From the Single Digits

[1'2 = 1 ---- 9'2 = 81] ----- have Perfect Square 1 in its Units Digit, so either 1 or 9 can be in an Ordered Solution (A , B , C), but NOT Both

[2'2 = 4 --- 8'2 = 64] ---- have Perfect Square 4 in its Units Digit. Same logic as above.

[3'2 = 9 ---- 7'2 = 49] ---- have Perfect Square 9 in its Units Digit.
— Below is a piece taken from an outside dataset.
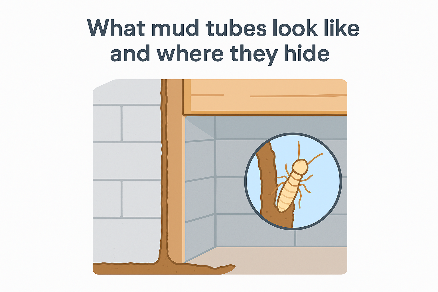 Subterranean termites build mud tubes to protect themselves while traveling between underground colonies and the wood they feed on. These pencil-width structures rank among the most reliable signs of termites in a home and appear most often along foundation walls, crawl space framing, and floor joists.

Same logic as above.



To Find the Number of Ordered Solutions, I used the "Options Available" approach and went through the Possible Permutations.


If Variable A were a person and had to choose 1 of the 6 possible numbers above, he would have 6 available options.

A ----- 6 Options Available

assume A picked 1

Now Variable B can choose any of the 4 options OTHER THAN 9, because 9'2 = 81 has the same Perfect Square in its Units Digit.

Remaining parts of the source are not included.